A corner piece by Jamie Kaufman '04 precariously balances an exploded desk within a mountain of newspaper spanning some 15 feet of vertical space.

Overwhelmed by information, the structure of the organizational instrument succumbs to violence and destruction. A similar collegiate frustration is captured in her peeling chalkboard in the main lobby.

The written text, actually notes from a comparative literature class, begins with "I have completed the construction of myself" and ends with scribbles, doodles and bizarre, perplexing queries like "Who is the beast?"

The right side of the board peels and melts, unable to support the text, betraying the same weakness under the stress of information as the desk. A small white putty knife, presumably the author's destructive instrument of choice, is wedged against the chalkboard's bottom frame.
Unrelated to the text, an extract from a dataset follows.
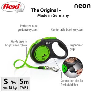 Flexi® Neon zároveň nabízí i nesčetnými testy zdokonalený výstup a vedení pásku všemi směry bez zasekávání. S délkou 5 m poskytuje Vašemu parťákovi potřebnou volnost pohybu.
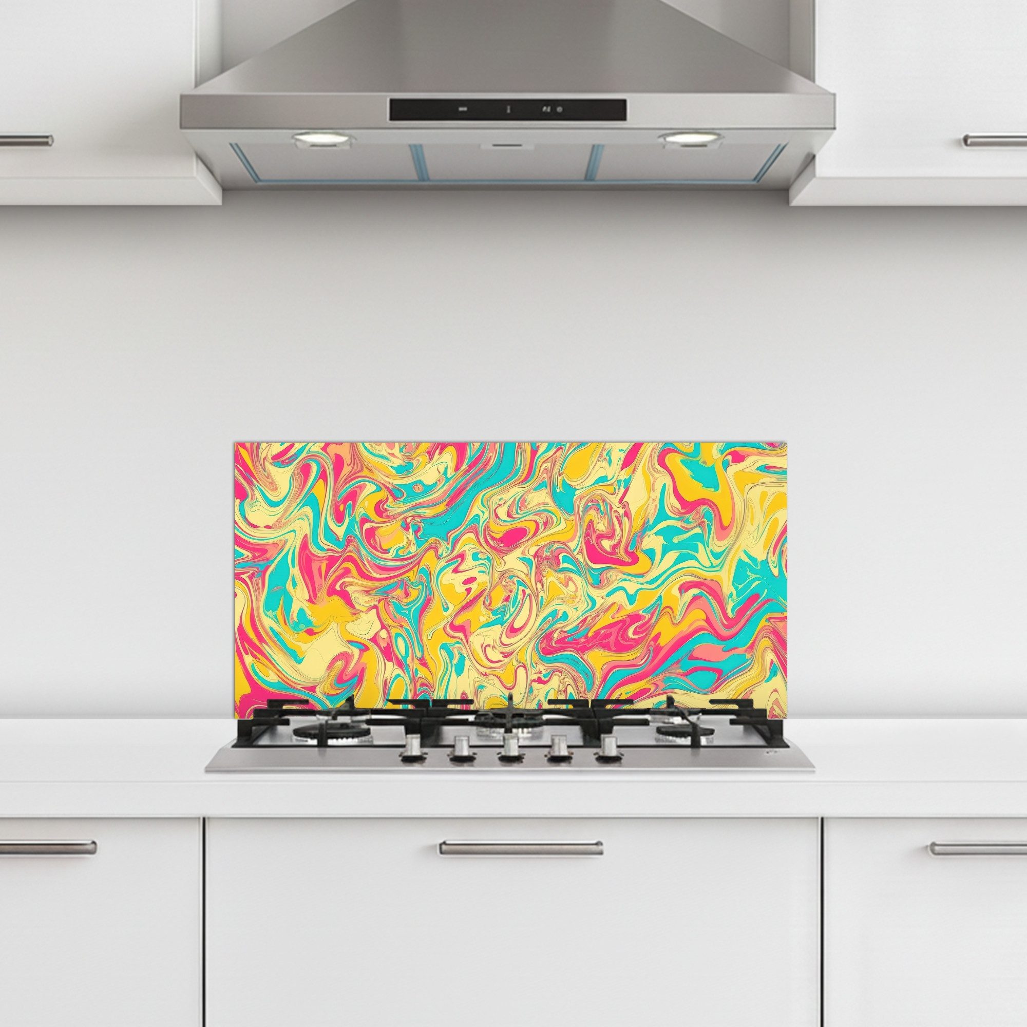 Die Küchenrückwand besteht aus strapazierfähigem, PVC-freiem Material, das hitzebeständig, wasserabweisend und UV-beständig ist. Die Glasoptik sorgt für einen modernen und eleganten Look, ohne die Bruchgefahr von echtem Glas.

Peeking into the interactive video box in the main hall and powering its rotating crank, one can experience the detailed mechanical drawings of Michelle Higa '04 as they move, rotate and click over abstracted urban skylines. In another technologically inspired mixed media composition, "Mapping, Red?" Ellen Schneiderman '05 plays with a range of materials, layering paint over stretched fabric that creates a resemblance to a topographical map. Using subtle complementary color combinations, Schneiderman responds to the weave of cloth playing on the pattern but occasionally disassociates with it using light application of oils.

Some of the more comical pieces include a painting by Zeynep Saygin '05 of a woman's breast spilling out of a dark pink corset. The lush reds and pinks, the provocative breast and "full Renaissance gear" including the enormous lace collar, pokes fun at Baroque painting, particularly Flemish painter Peter Paul Rubens. "Some people take their work too seriously," Saygin said at the opening to explain the joke.

The hyperrealist, starkly light emptiness of "Gas For Less," by Anna Knoell '04, evokes an isolation similar to that of Edward Hopper. The mouthwatering "Juicy Fruit on Canvas," by Risa Puno '04, references abstract expressionism using sweet-smelling gum instead of paint, making one want to not only touch but also gnaw at the art on the wall.

These and other remarkable student works will be on display at the Winton Bell Gallery through April 4.